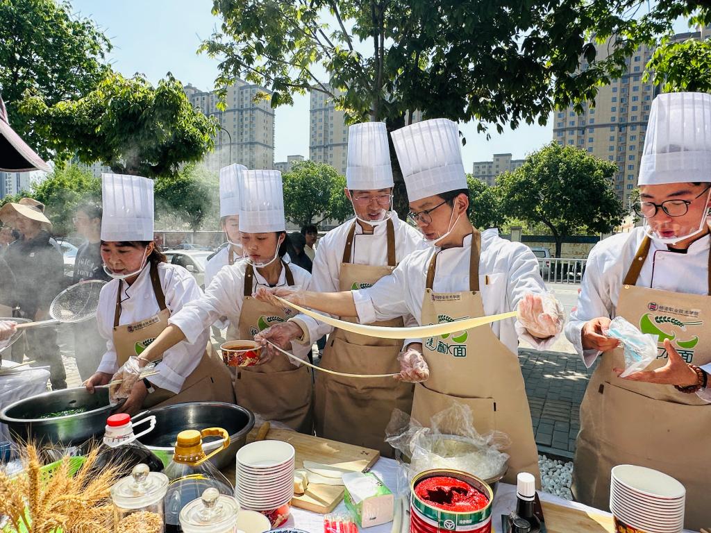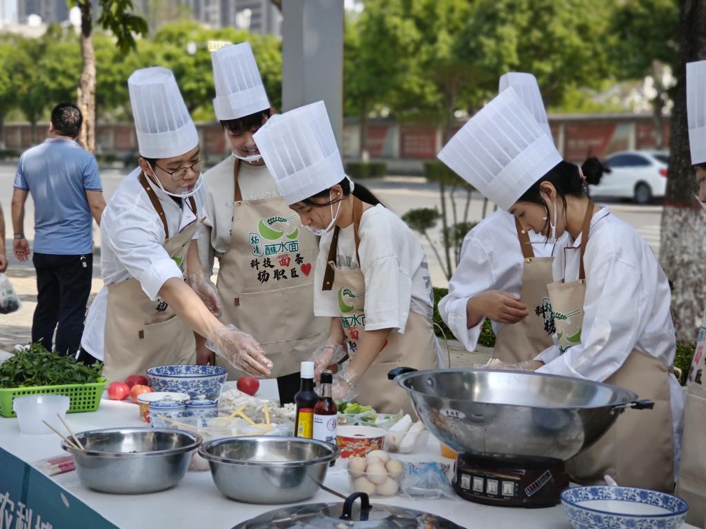 品鉴活动设置科技创新体验组国际合作体验组乡村振兴体验组示范推广体验组等四个组别,参赛选手中有高校师生、有社区居民、有蘸水面商家杨职代表队参加的是示范推广体验组活动中,我校师生把一块块面团,通过揉、擀、扯、甩的手法,加工成又宽又长、又薄又劲道的面条大家配合默契、技术到位、分工明确,完美展现了我校学生的风采。
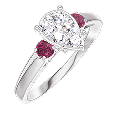 Inel Aur alb 9 carate - Cluster de diamante naturale Pară echivalent 1 - Pietre laterale Rubin
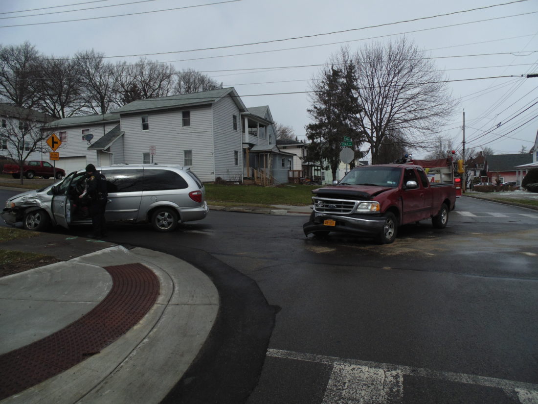 An accident at the South Main Street and Cole Avenue intersection in Jamestown resulted in minor injuries Friday morning. The incident, which took place around 11:40 a.m., occurred when a silver Dodge van traveling on South Main Street pulled out in front of a maroon Ford heading up Cole Avenue. The female driver and passenger in the silver van were treated on scene by Alstar EMS with minor injuries. The older male in the truck appeared unharmed. The van’s corner panel suffered damage while the front of the truck had extensive damage. The Jamestown Police Department and Jamestown Fire Department assisted at the scene.
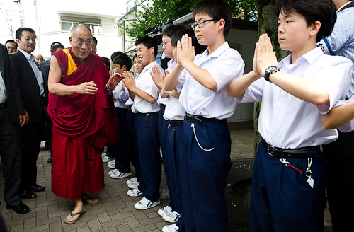 25日達賴喇嘛尊者應邀前往東京世田谷學園參訪,學生代表列隊歡迎尊者的到來。
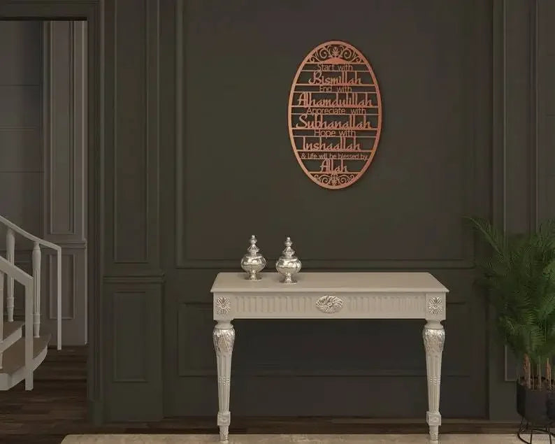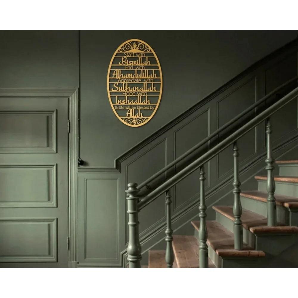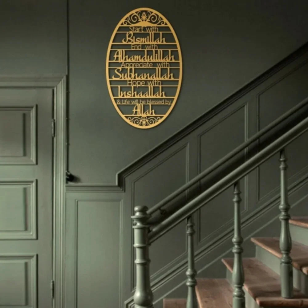 Invite Barakah into Your Home: Featuring the powerful and blessed phrase "Bismillah," this piece serves as a constant reminder to begin all your actions in Allah's name, transforming your home into a sanctuary filled with divine blessings.
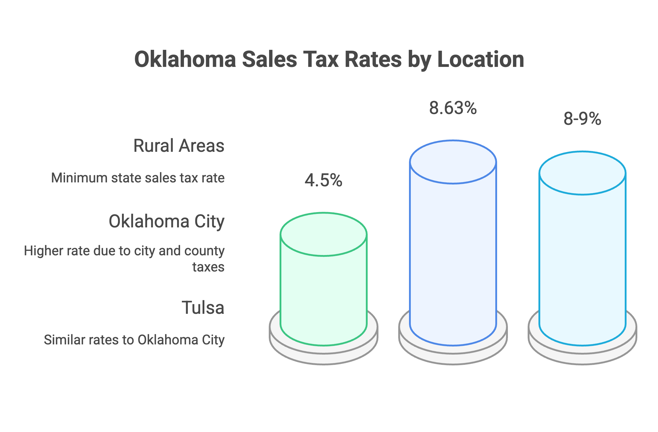 Major metropolitan areas typically see higher combined rates due to city and county taxes. Oklahoma City, for example, reaches 8.63% with its combination of state, county, and city taxes. Tulsa sees similar rates in the 8-9% range, while rural areas might have rates closer to the 4.5% state minimum.
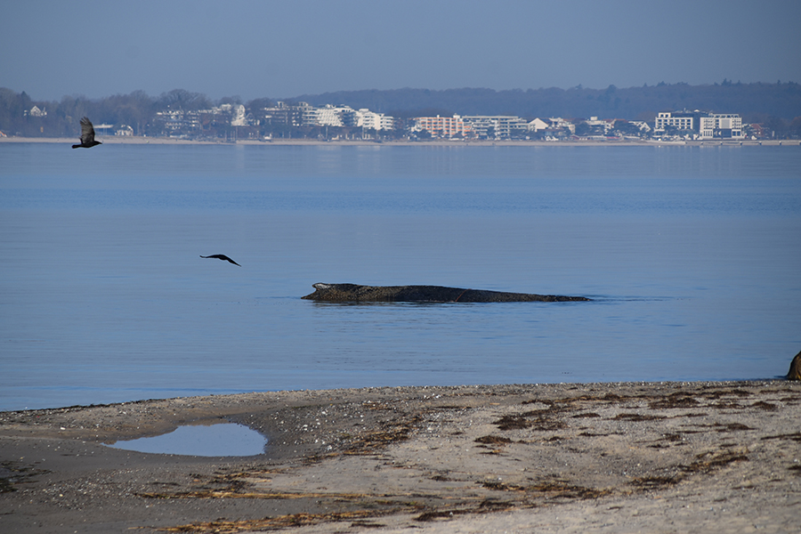 Es handelt sich dabei mit großer Wahrscheinlichkeit um den Buckelwal, der seit einiger Zeit in der Lübecker Bucht herumirrt und unter anderem vor Travemünde, Niendorf/Ostsee und Scharbeutz gesichtet wurde.
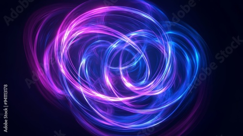 The watermark will not be included on Wall mural.: Twisting neon rings in vibrant shades of blue and purple against a dark space
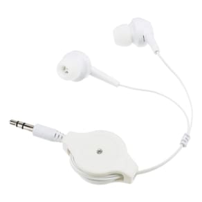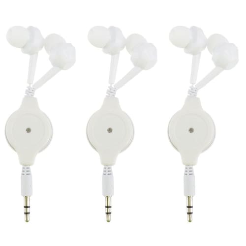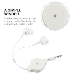 Fones de ouvido retráteis com fio de 3,5 mm, material ABS e PVC, design retrátil para fácil armazenamento, compatível com a maioria dos dispositivos com conector de 3,5 mm.Plug
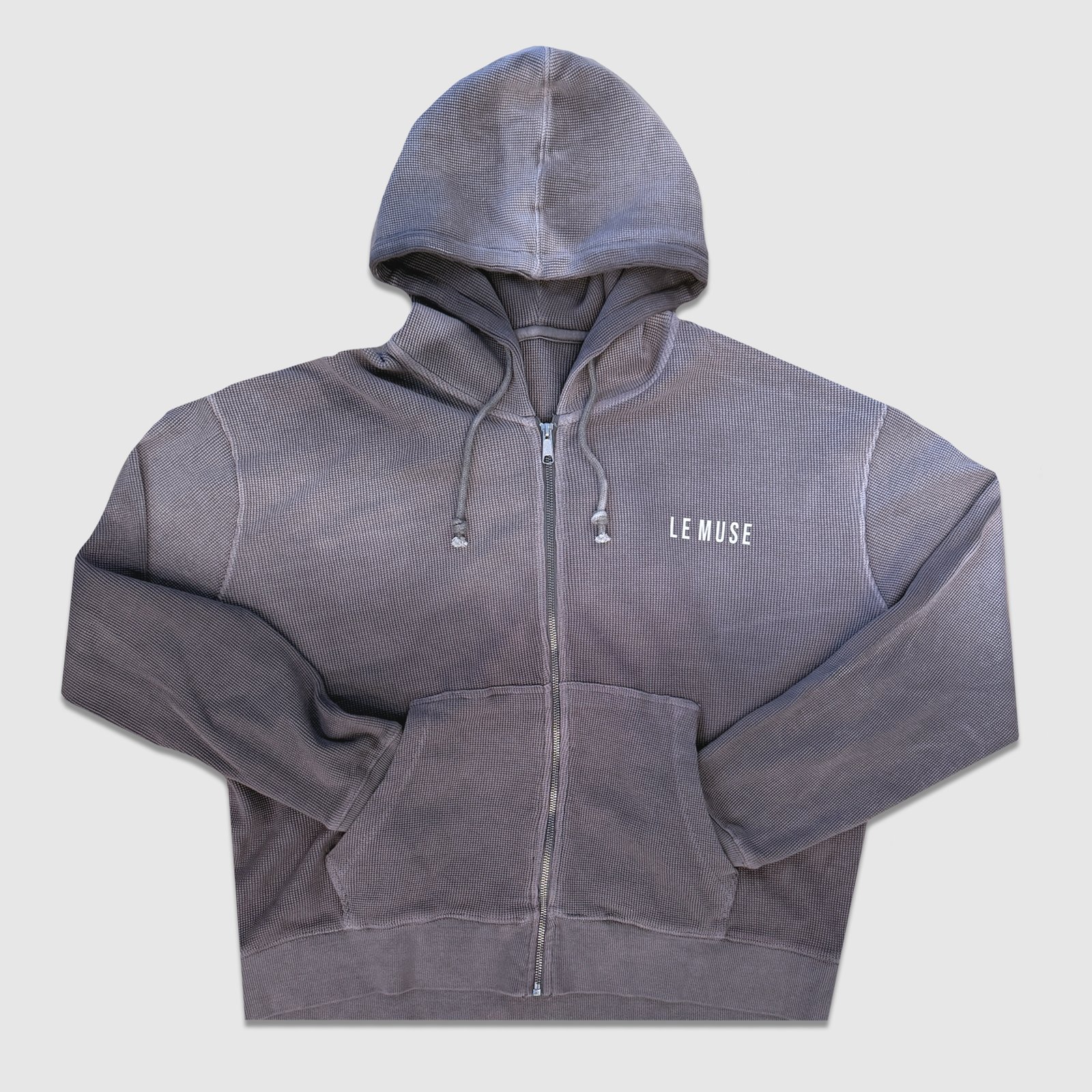 LE MUSE LOGO WAFFLE ZIP UP-CEMENT GRAY (PREORDER)
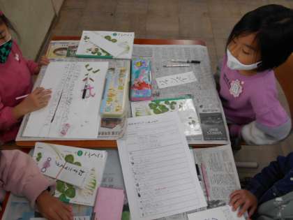 学習した,ひらがな,カタカナ,漢字を使って丁寧に書いていました。たくさんお客さんが来てくれるように,看板になる画用紙には,おすすめの商品が書いてありました。
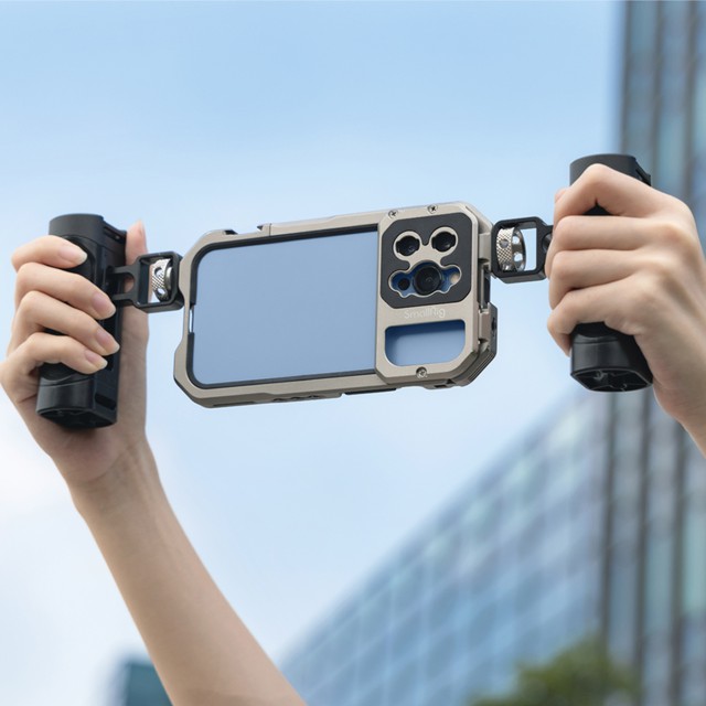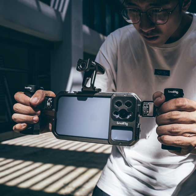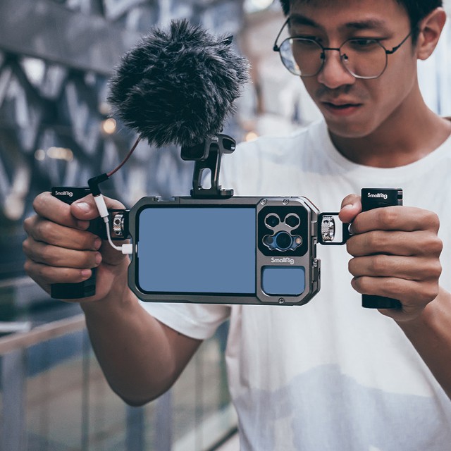 SmallRig Video Kit Lite za iPhone 13 Pro Max 3604 ima dvije ručke za stabilno snimanje i vlogging. Sadrži 1/4"-20 anti-rotacijske rupe s navojem i hladne cipele za podršku pribora kao što su BUT2429 tronožac, 3452 mikrofon i 3286 LED svjetlo, itd. Podržava M-mount ili 17 mm navojne leće nakon zamjene stražnje ploče. Šupljina dizajn omogućuje pristup gumbima, priključcima, radaru i ultraširokokutnom objektivu iPhonea. Potpuno metalni kavez s ugrađenim jastučićima sprječava ogrebotine i smanjuje vibracije. Kavez omogućuje vodoravno i okomito snimanje.
----
▶ **TASK DETAILS**:
Every entry must be reproduced exactly, with the images left out.

▶ **RESULT**:
 品鉴活动设置科技创新体验组国际合作体验组乡村振兴体验组示范推广体验组等四个组别,参赛选手中有高校师生、有社区居民、有蘸水面商家杨职代表队参加的是示范推广体验组活动中,我校师生把一块块面团,通过揉、擀、扯、甩的手法,加工成又宽又长、又薄又劲道的面条大家配合默契、技术到位、分工明确,完美展现了我校学生的风采。
 Inel Aur alb 9 carate - Cluster de diamante naturale Pară echivalent 1 - Pietre laterale Rubin
 An accident at the South Main Street and Cole Avenue intersection in Jamestown resulted in minor injuries Friday morning. The incident, which took place around 11:40 a.m., occurred when a silver Dodge van traveling on South Main Street pulled out in front of a maroon Ford heading up Cole Avenue. The female driver and passenger in the silver van were treated on scene by Alstar EMS with minor injuries. The older male in the truck appeared unharmed. The van’s corner panel suffered damage while the front of the truck had extensive damage. The Jamestown Police Department and Jamestown Fire Department assisted at the scene.
 25日達賴喇嘛尊者應邀前往東京世田谷學園參訪,學生代表列隊歡迎尊者的到來。
 Invite Barakah into Your Home: Featuring the powerful and blessed phrase "Bismillah," this piece serves as a constant reminder to begin all your actions in Allah's name, transforming your home into a sanctuary filled with divine blessings.
 Major metropolitan areas typically see higher combined rates due to city and county taxes. Oklahoma City, for example, reaches 8.63% with its combination of state, county, and city taxes. Tulsa sees similar rates in the 8-9% range, while rural areas might have rates closer to the 4.5% state minimum.
 Es handelt sich dabei mit großer Wahrscheinlichkeit um den Buckelwal, der seit einiger Zeit in der Lübecker Bucht herumirrt und unter anderem vor Travemünde, Niendorf/Ostsee und Scharbeutz gesichtet wurde.
 The watermark will not be included on Wall mural.: Twisting neon rings in vibrant shades of blue and purple against a dark space
 Fones de ouvido retráteis com fio de 3,5 mm, material ABS e PVC, design retrátil para fácil armazenamento, compatível com a maioria dos dispositivos com conector de 3,5 mm.Plug
 LE MUSE LOGO WAFFLE ZIP UP-CEMENT GRAY (PREORDER)
 学習した,ひらがな,カタカナ,漢字を使って丁寧に書いていました。たくさんお客さんが来てくれるように,看板になる画用紙には,おすすめの商品が書いてありました。
 SmallRig Video Kit Lite za iPhone 13 Pro Max 3604 ima dvije ručke za stabilno snimanje i vlogging. Sadrži 1/4"-20 anti-rotacijske rupe s navojem i hladne cipele za podršku pribora kao što su BUT2429 tronožac, 3452 mikrofon i 3286 LED svjetlo, itd. Podržava M-mount ili 17 mm navojne leće nakon zamjene stražnje ploče. Šupljina dizajn omogućuje pristup gumbima, priključcima, radaru i ultraširokokutnom objektivu iPhonea. Potpuno metalni kavez s ugrađenim jastučićima sprječava ogrebotine i smanjuje vibracije. Kavez omogućuje vodoravno i okomito snimanje.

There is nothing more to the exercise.